ASAYİŞ - 30 Nisan 2024 Salı 17:35

‘Yeni doğan bebek’ vurgunu şebekesi operasyonunda 14 kişi tutuklandı

A
A
A
‘Yeni doğan bebek’ vurgunu şebekesi operasyonunda 14 kişi tutuklandı

Mali Suçlarla Mücadele Şube Müdürlüğünce, Büyükçekmece Cumhuriyet Başsavcılığı koordinesinde yürütülen soruşturma çerçevesinde, aralarında 14 doktor, 17 hemşire ve 8 sağlık çalışanının olduğu 300 kişilik şebeke operasyonla çökertilmişti. SGK’yı yaklaşık 500 milyon lira zarara uğratan şebekeye üyelerinden 14’ü sevk edildiği adliyede çıkarıldıkları mahkemece tutuklanarak cezaevine gönderildi.


İstanbul Büyükçekmece Cumhuriyet Başsavcılığı koordinesinde İstanbul ve Tekirdağ’da Mali Suçlarla Mücadele Şube Müdürlüğü ekipleri, 2022 yılında yapılan ihbar ve şikayetler üzerine inceleme başlattı. Savcılık, 2023 yılı itibariyle başlattığı soruşturmada İstanbul ve Tekirdağ’da örgütlü halde hareket ederek, rüşvet suçuna konu maddi menfaat temin ettikleri bilgisine ulaşmış, eş zamanlı düzenlenen operasyonlarda yeni doğan bebekleri usulsüz şekilde özel hastanelere sevk ederek SGK’yı dolandıran 300 kişilik şebeke çökertilmişti.
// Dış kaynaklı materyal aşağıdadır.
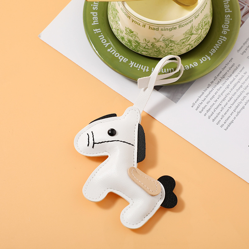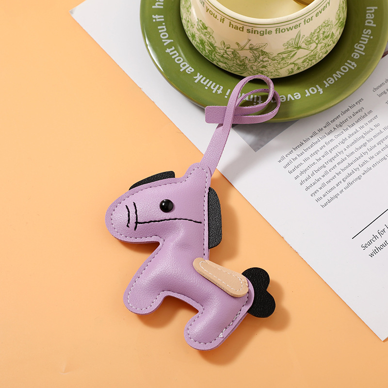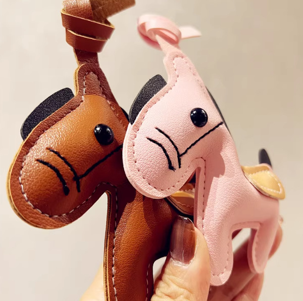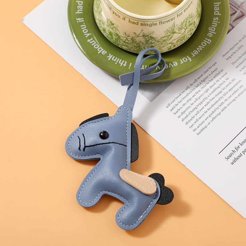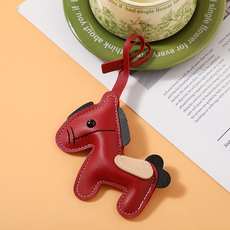 跨境新款pu皮质挂件简约百搭创意小马可爱潮流汽车钥匙扣包包挂饰
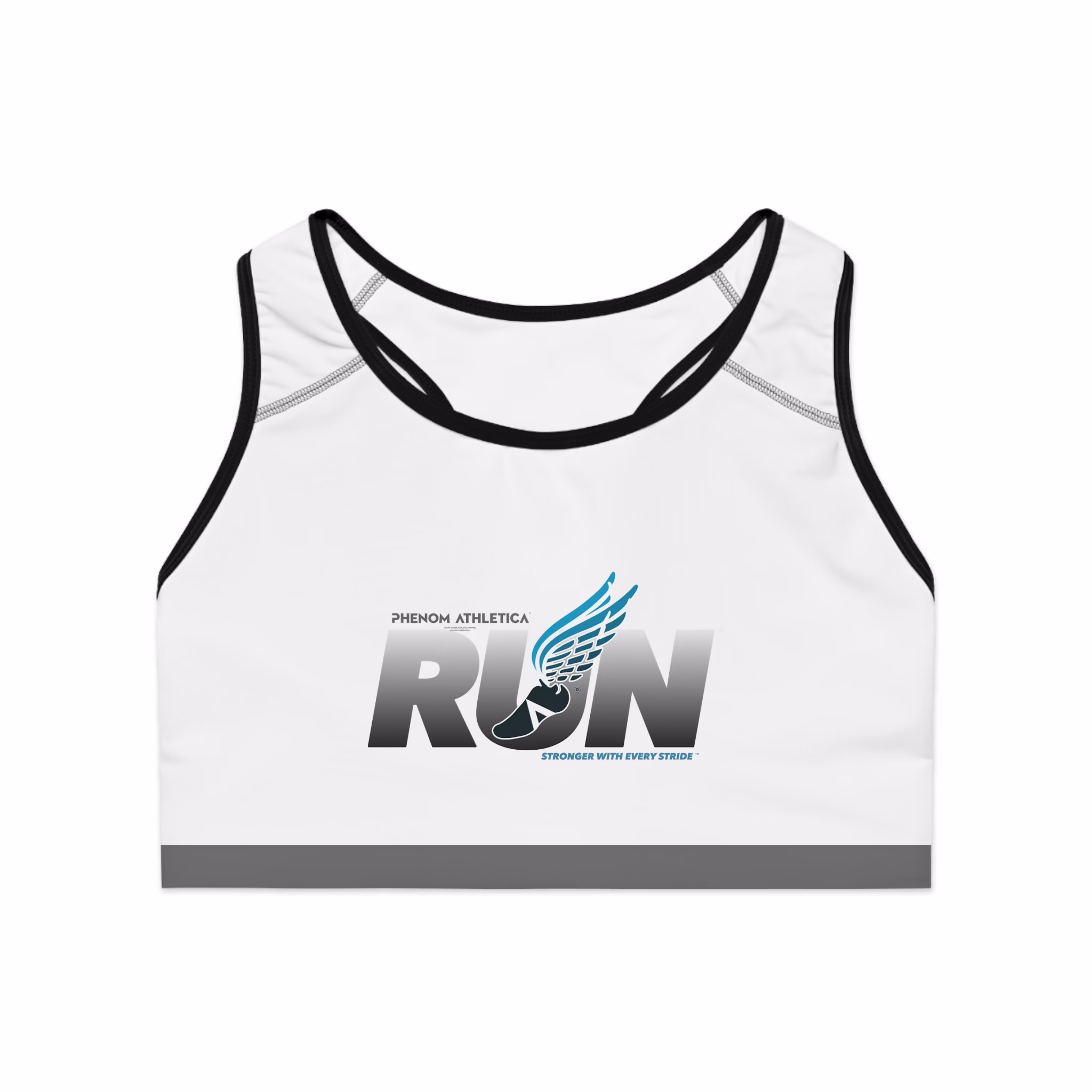 The Phenom Athletica® Run Sports Bra – with a compression fit that delivers incredible support during peak activity, and a double-layer front – this Running Sports Bra has it all: custom style, support, and 360-degree comfort.
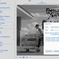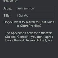 Sing a Song plays the songs of the Music App and shows the assigned lyrics. You can assign lyrics, PDFs, or ChordPros to each song. You could create your own lyrics, or you could search and copy them automatically from the web.

Yapılan soruşturmada aralarında 14 doktor, 17 hemşire, 8 sağlık çalışanı ve hastaneye yöneticilerinin de bulunduğu 300 kişilik şebekenin yeni doğan bebekleri çeşitli gerekçeler göstererek kamudan özel hastanelere sevk ettikleri, yoğun bakım ünitelerinde günlerce tuttukları ve devlete yüklü miktarda fatura çıkardıkları tespit edilmişti. Aralarında Reyap Hastanesi Çocuk Doktoru ve Medisense Sağlık Hizmetleri şirketinin sahibi Dr. Fırat Sarı, Başakşehir Çam ve Sakura Şehir Hastanesi’nde görevli Dr. İlker Gönen’in de bulunduğu çok sayıda doktorun yüzde 20 komisyonla çalışarak haksız kazanç elde ettikleri belirlenmiş, bu yöntemle SGK’yı 500 Milyon liraya yakın zarara uğratıldığının anlaşılmasının ardından polis ekipleri tarafından operasyon için düğmeye basılmıştı.


Ekipler haklarında gözaltı kararı bulunan aralarında doktor ve hemşirelerin de bulunduğu 41 kişiden 40’ını İstanbul, Tekirdağ ve Çorlu’da düzenledikleri baskınlarda yakalamış, 259 kişi ise savcılığa ifadeye çağrılmıştı.


Şebekenin 2 yıl içerisinde yüzlerce bebeği naklettikleri Beylikdüzü Medilife, Avcılar Hospital, Medicine Esenyurt ile Reyap Esenyurt ve Reyap Çorlu gibi özel hastaneler de mercek altına alındı. Firari bir şüphelinin yakalanmasına yönelik çalışmalar sürerken, zanlıların “suç işlemek amacıyla örgüt kurma”, “nitelikli dolandırıcılık”, “kasten öldürmenin ihmali davranışlarla işlenmesi” ve “rüşvet” suçlarından emniyetteki sorguları tamamlanarak adliyeye sevk edildi.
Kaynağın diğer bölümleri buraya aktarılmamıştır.